Otherwise, I wanted to go to bed.
So I returned to the place I felt most comfortable, in the light - if ever so dim as the torch flames waned - and with the men who cooked our salmon and tri-tip, splayed out various cheeses, flatbreads, spreads and grapes for us to nibble upon, and ushered us into the protective folds of the desert night.
"Pull up a chair," Joe said, creating our own little circle of three, our eyes dazzled by the wine, which polluted our view of the stars as much as the light from the torches did.
Joe had just returned from an hour-long trip back to the California Overland office, to deposit an overheated camper whose reddened face worried everyone enough to send her into air conditioning, pronto. He sank into his folding chair, drink in its rest, and finally relaxed.
It seemed we'd only had a moment of gabbing when I turned to Alan, our chef and tour associate, and asked, "Did you figure out where the coffee is?"
An hour or two before, Joe had been promising breakfast and coffee to my fellow campers (not that I care for coffee, especially not on a hot desert morning), and I'd overheard Alan mutter to himself, "Hmmm I wonder where the coffee is..."
I half-thought he was at least half-joking, so I started giggling, attracting Joe's attention. "What's that?" he asked, and I immediately jumped in with my dingbat falsetto - "Nothiiiing!" - continuing to giggle.
"So did you figure out where the coffee is?"
"Uh..." Alan sank further into his chair. "No..."
Joe was understandably...appalled. "What? Now I have to go back!"
"Again!" I pointed out.
Joe must've repeated "I have to go back" about a half dozen times by the time he realized they'd also forgotten the turkey bacon and the English muffins. Resignation set in. He had to go back.

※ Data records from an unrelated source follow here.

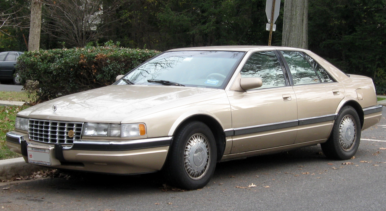 1992-1994 Cadillac Seville photographed in Washington, D.C., USA.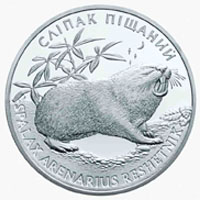 Ukrainian coin dedicated to Sandy Mole Rat (Spalax arenarius), a rare species living only in the territory of Ukraine, which is included to the Red Book of Ukraine and the European Red List of animals and plants under the danger of extermination. This image is of the coin's reverse — there is a depiction of the rodent on the background of plants (left) and inscriptions: СЛІПАК ПІЩАНИЙ (above) and SPALAX ARENARIUS RESHETNIK (beneath). Artist and sculptor: Volodymyr Demianenko.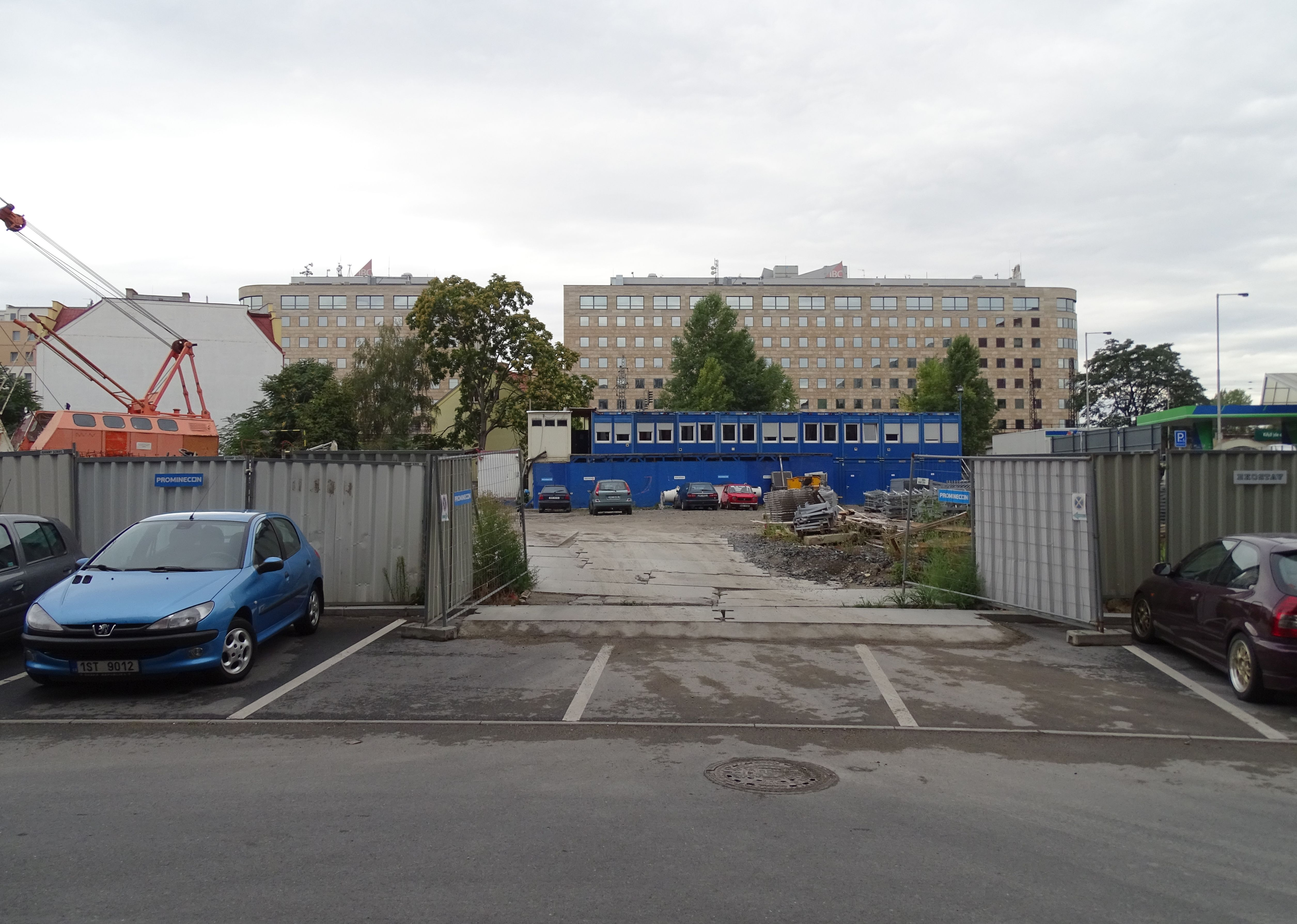 Prague-Karlín, Czech Republic. Kelsenova street, a view to IBC building.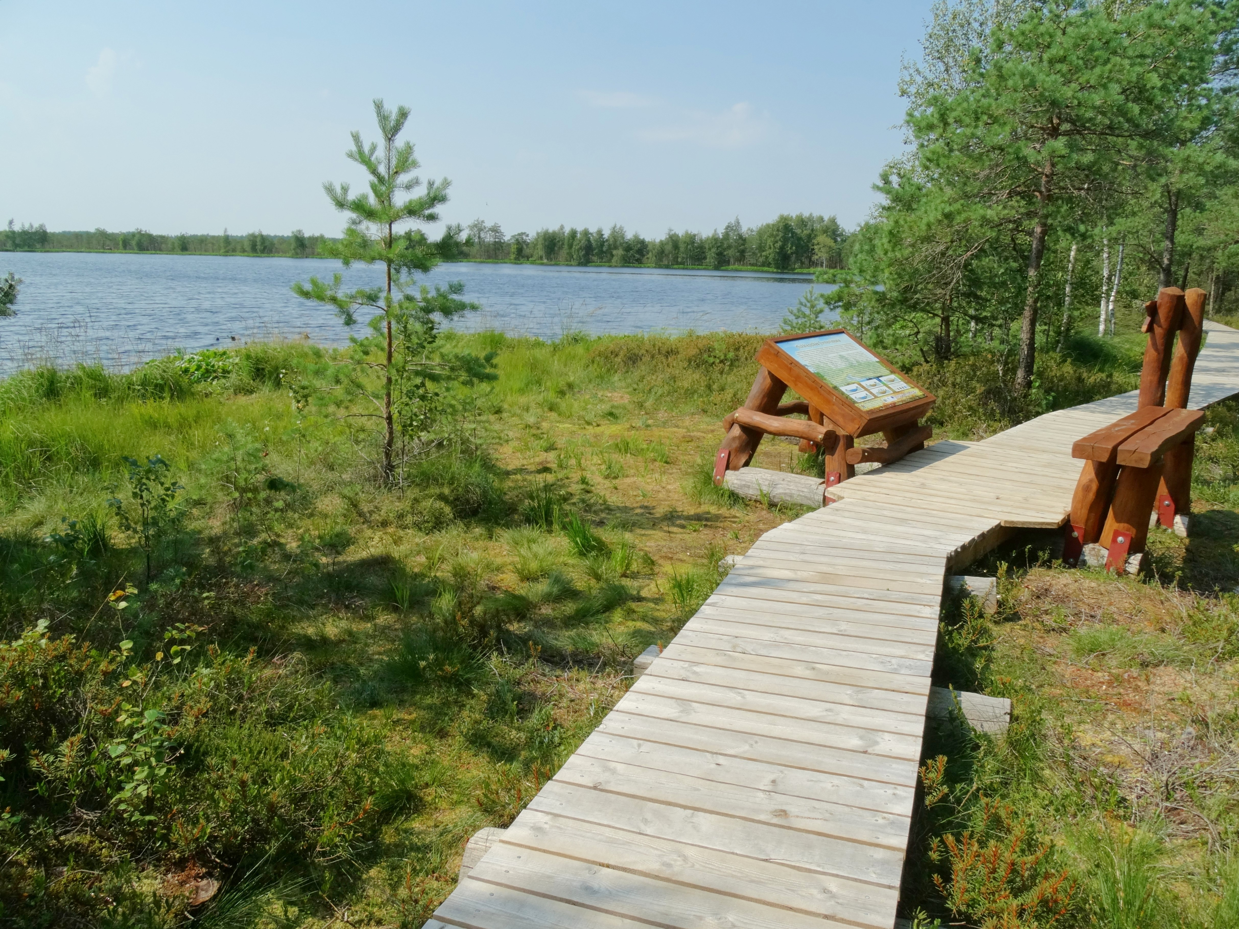 Swamp of Mūšos tyrelis, educational walkway, Joniškis district, Lithuania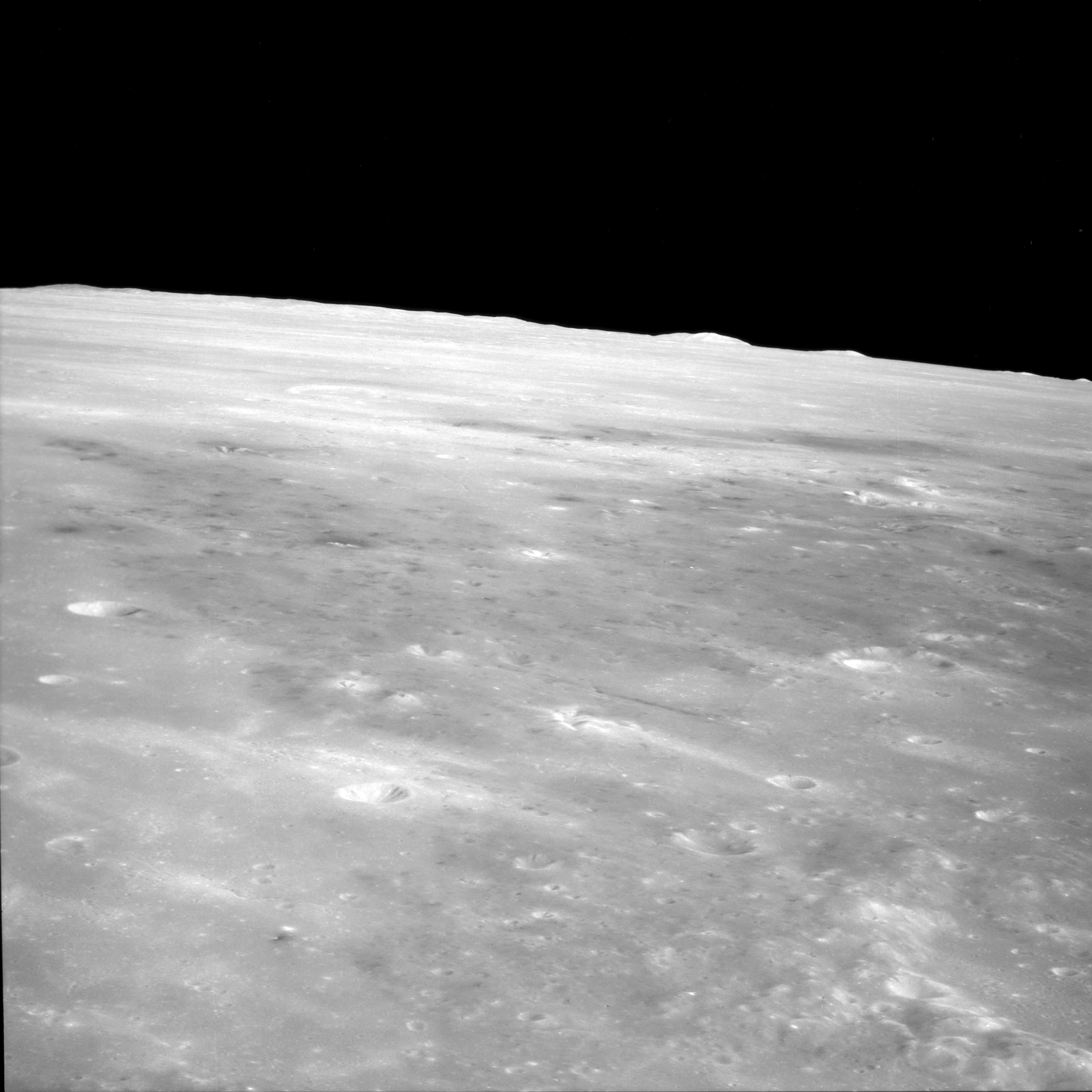 Dark mantle deposits (probably, resuls of volcanic explosions) on the southern shore of Sinus Aestuum on the Moon. The deposits cover a darker region in the central and lower right part of the image. They are best seen where excavated by small craters. In the lower right corner part of heavily eroded crater Schröter can be seen. View from the south; the mountains on the horizon are Montes Apenninus. Descriptions: Gaddis et al. (1985), Weitz et al. (1998). Photo by Apollo 12 (1969).

"Do you want someone to go back with you?" I offered. An hour before, I'd been dozing under the stars, afraid to retreat to my tent for fear of missing out on a scorpion hunt or marshmallow roast, and now I was ready for the adventure I'd been waiting for.
I climbed into the passenger side of the military-grade Jeep and fumbled to buckle myself in with a lap restraint of heavy tether and metal clips, until I realized the desert terrain and the open-air Jeep required the addition of extra straps and buckles with which Joe secured me, the excited rollercoaster passenger that I am.
With a roar of a turning engine, and the flash of blinding headlights, we set off into the darkness, no street lights to guide us, no street to follow, only bouncing jackrabbits and the dips and tilts of the off-road path carved into the desert, across Clark Dry Lake and back into Borrego Springs, jostling from side to side, shouting over the diesel dust we left in our wake.
I spotted a flare in the distance. "Look, heat lightning," I said. Otherwise, the night in Borrego Springs was just as black as out in the desert, save for a silent flashing ambulance that rounded the corner by the California Overland office, as I waited strapped to the Jeep while Joe collected our breakfast.
It was midnight by the time we returned to camp, the astronomy lesson completed, all campers tucked away in their tents with no sign of melted chocolate or graham cracker dust. Still trying to regain my land legs after our four-wheel-drive excursion, I stumbled towards the one light at our camp, flickering from inside my own tent, which I was about to share with our trip's other two female solo travelers. Desperate for rest, I barely said goodnight to Joe, though I managed to sleepily through my arms around his neck to give him an impromptu hug, as a gesture of desert-dwelling camaraderie, or romance, or appreciation, or what, I wasn't sure.
As I slipped inside the zipped opening of our tent, illuminated gently by Chris' flashlight, I whispered, "Hi girls! Are you ready for our sleepover?"